Synthetic Insurance Data That Preserves Correlations: MICE-RF

Regulatory demand for synthetic insurance data has moved from theoretical to operational. GDPR Article 89 provides the lawful basis for pseudonymisation as a safeguard when personal data is processed for statistical purposes; EU AI Act Article 10 (in force since August 2024) adds the requirement that training data for high-risk AI systems be “relevant, representative, free of errors and complete.” Both together create a practical problem: you cannot hand a consultancy your raw policyholder file to build or validate a pricing model, but the synthetic alternatives that existed three years ago destroyed the correlation structure that makes the data useful.

Havrylenko, Käärik, and Tuttar (arXiv:2509.02171, September 2025) ran a systematic comparison of synthetic generation methods on the French freMTPL2 motor dataset (678,013 policies, 9 rating factors, claim count as response). Their result is useful and a little surprising: MICE with random forests beats CTGAN and VAEs on GLM coefficient fidelity, by a wide margin, and is substantially simpler to implement. Their best MICE variant produces a pairwise column MAE of 0.00061 against the real data; CTGAN produces 0.00292 — nearly five times the error.

This post explains why MICE-RF works, where it does not, and how to run it in Python.

Why naive approaches fail

The failure mode for naive synthetic data methods is not marginal distribution error — it is correlation destruction. If you sample each column independently from its fitted marginal, you get plausible-looking driver ages, plausible vehicle groups, and plausible bonus-malus scores. What you do not get is the correlation structure: the fact that young drivers with high-group vehicles and low NCD years cluster together more than their marginal distributions would predict.

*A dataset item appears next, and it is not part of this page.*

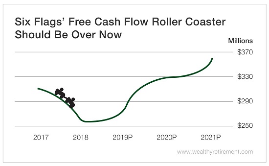 Lastly, in 2017, the company took a loss when it extinguished $37 million in debt. Keep in mind that cash had already gone out the door when the debt was paid off. So in 2017, Six Flags took an accounting charge against its profits and added the $37 million back to cash flow in order to represent its actual cash situation.

This matters because the rating factors in a GLM are not independent. A model trained on independently sampled synthetic data estimates coefficients in a near-diagonal covariance regime; the real data has substantial off-diagonal terms. The estimated relativities will be wrong — not randomly wrong, but systematically wrong in ways that depend on which factors are correlated in the real book.

Simple parametric synthesis (fit a multivariate Gaussian, sample from it) does marginally better but imposes a strong assumption: Gaussian copula dependence. Insurance data is not Gaussian-copula-dependent. Bonus-malus scores and claim counts have highly non-linear tail dependence that a Gaussian copula cannot capture.

Neural methods — CTGAN, TVAE, and their descendants — learn the joint distribution without parametric assumptions. The problem, as Havrylenko et al. demonstrate, is that learning quality degrades on tabular data with mixed types (categorical + continuous + count + exposure) at typical insurance dataset scales. CTGAN’s mode-specific normalisation, designed for multimodal continuous distributions, does not handle Poisson claim counts well. On the freMTPL2 benchmark, CTGAN’s M₁ score (sum of absolute differences from true GLM coefficients) is 383.63. MICE_PART_SYN achieves 33.94 — an order of magnitude better.

How MICE-RF works

MICE (Multiple Imputation by Chained Equations) was designed for missing data, not synthetic data generation. The key insight in Havrylenko et al. is that synthesis is structurally the same problem: you want to draw plausible values for each variable conditional on all the others.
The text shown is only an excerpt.